Le rôle central du notaire
Le recours au notaire est obligatoire dès qu’un bien immobilier figure dans la succession, qu’un testament existe, ou que l’actif dépasse 5 000 €. Le notaire dispose d’un mois après le premier rendez-vous pour établir l’acte de notoriété, qui liste les héritiers et leurs droits respectifs. Il interroge systématiquement le FCDDV (Fichier central des dispositions de dernières volontés) pour vérifier l’existence d’un testament.
Pour dresser l’inventaire complet, il consulte le FICOBA pour lister les comptes bancaires du défunt, et le FICOVIE pour identifier d’éventuels contrats d’assurance-vie.

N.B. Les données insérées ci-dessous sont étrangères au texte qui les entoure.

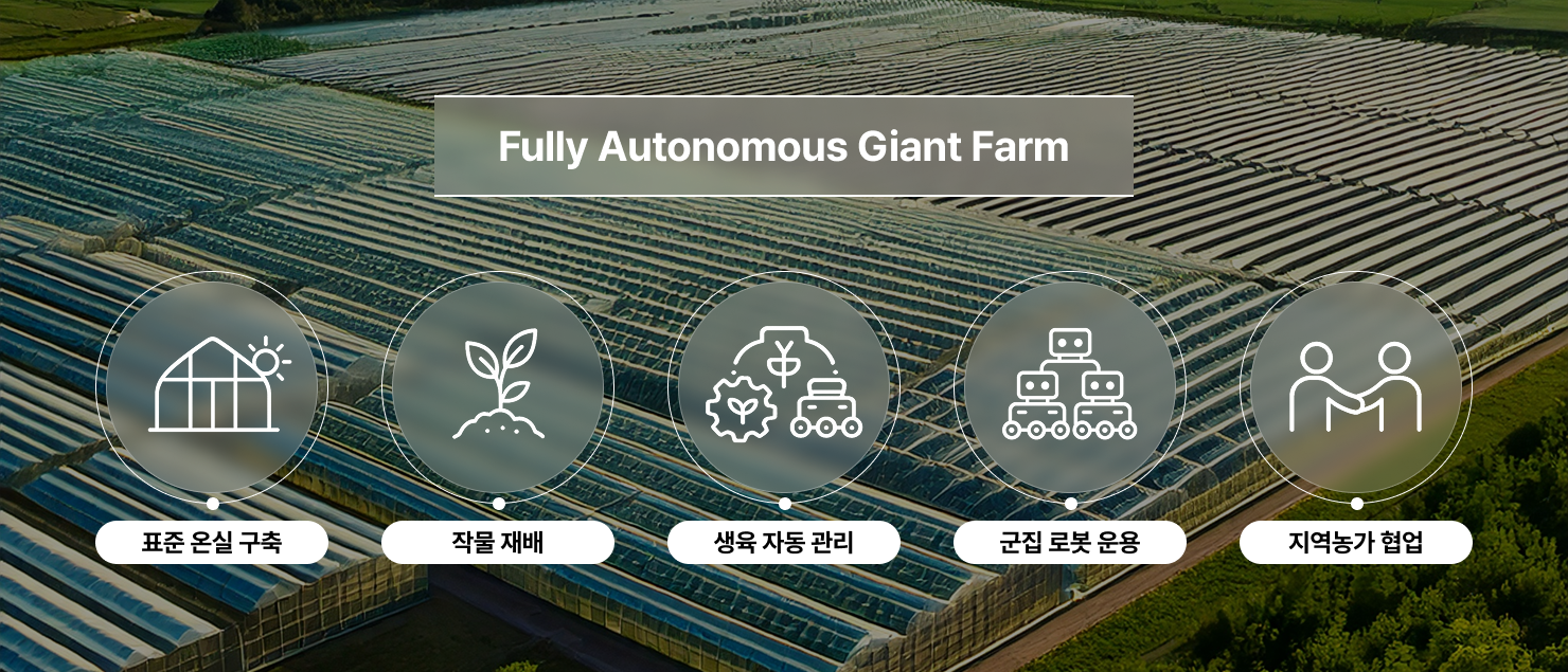 세계적인 스마트 농업의 규모화, 산업화의 흐름에 따라 대동애그테크는 대규모 온실 단지인 자이언트 팜(Giant Farm)의 기획에서부터 구축, 환경제어 , 운영에 이르기까지 지방정부와 협력하여 대규모 온실 단지를 건설하고 운영합니다. 대규모 고부가가치 작물 재배와 신기술 적용 등 대동그룹의 기술로 국가적인 스마트 농업 경쟁력 강화와 지역 농가 수익 향상 등에 기여합니다.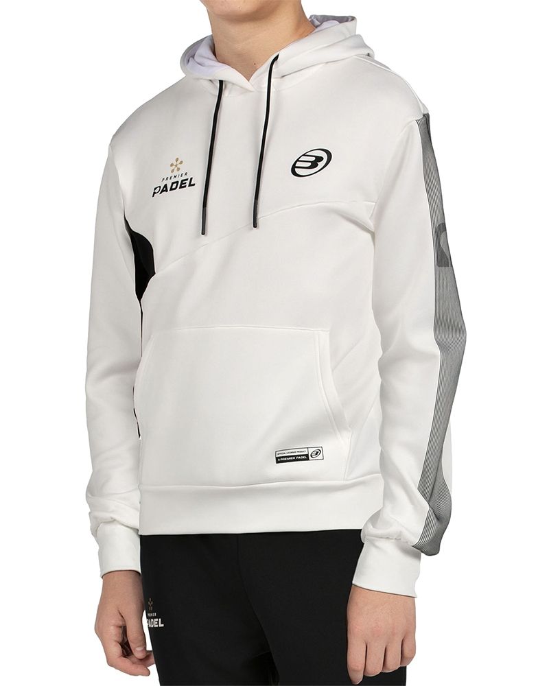 La Sudadera Palmiro Junior, que forma parte de la colección oficial Premier Padel está diseñada para niños y adolescentes que juegan al pádel regularmente, esta prenda ofrece comodidad, funcionalidad y un diseño moderno, ideal para entrenamientos, competiciones o para el día a día.

Ces fichiers sont des outils essentiels : sans eux, des actifs significatifs pourraient tout simplement passer entre les mailles du filet.
Les délais et les options concrètes pour les héritiers
Trois formules s’offrent à tout héritier face à une succession :
- L’acceptation pure et simple : vous récupérez tout, mais vous assumez aussi les dettes du défunt, même au-delà de ce que vous recevez.
- L’acceptation à concurrence de l’actif net : vous limitez votre responsabilité aux biens reçus, sans risquer votre patrimoine personnel.
- La renonciation : vous êtes considéré comme n’ayant jamais été héritier — ni biens, ni dettes.
Le délai de prescription pour exercer ce choix est de dix ans à compter du décès, avec un maximum absolu de vingt ans. Dès quatre mois après le décès, tout héritier ou créancier peut forcer les autres à se positionner par acte extrajudiciaire. Sans réponse dans les deux mois suivant cette sommation, l’acceptation pure et simple est présumée.
Abattements et fiscalité successorale
| Lien de parenté | Abattement fiscal |
|---|---|
| Enfant | 100 000 € |
| Frère ou sœur | 15 932 € |
| Neveu ou nièce | 1 594 € |
Pour l’assurance-vie, le traitement est distinct : ces contrats ne rejoignent pas l’actif successoral. Avant 70 ans, chaque bénéficiaire profite d’un abattement de 152 500 €, puis d’un taux de 20 % jusqu’à 700 000 €, et de 31,25 % au-delà. Après 70 ans, l’abattement tombe à 30 500 € pour l’ensemble des bénéficiaires — une différence considérable. L’article L132-12 du Code des assurances encadre précisément ces transmissions.
Délais fiscaux à ne pas négliger
Le délai légal pour déposer la déclaration de succession et régler les droits est de 6 mois à compter du décès en France métropolitaine, porté à 12 mois si le décès est survenu à l’étranger. Passé le 7ème mois, un intérêt de 0,20 % par mois s’accumule. Dès le 13ème mois, une majoration de 10 % s’applique, pouvant atteindre 40 % si l’administration a lancé une mise en demeure restée sans suite pendant 90 jours. Ces pénalités s’ajoutent et peuvent représenter des sommes très significatives.
Partage des biens et préparation en amont pour éviter les conflits
Dès le décès, les héritiers se retrouvent en indivision sur le patrimoine. Chacun possède des droits sur l’ensemble, sans attribution précise. Cette situation peut durer des années si aucune décision n’est prise. Le partage amiable reste la voie la plus simple : tous les héritiers s’accordent sur les modalités. En cas de désaccord persistant, le juge intervient — le notaire, lui, ne peut pas trancher.
Pour la publication de l’attestation immobilière auprès du Service de la publicité foncière, le notaire dispose de quatre mois. Si un acte de partage est établi directement, ce délai est porté à dix mois. Ces délais encadrent aussi bien la sécurité juridique des héritiers que celle des tiers.
Une succession simple prend en moyenne entre 6 et 12 mois. Pour bien préparer une succession et éviter les mauvaises surprises, anticiper est souvent la meilleure stratégie. Un testament clair, des désignations de bénéficiaires à jour sur les contrats d’assurance-vie, et un dialogue ouvert au sein de la famille peuvent transformer une procédure complexe en démarche sereine.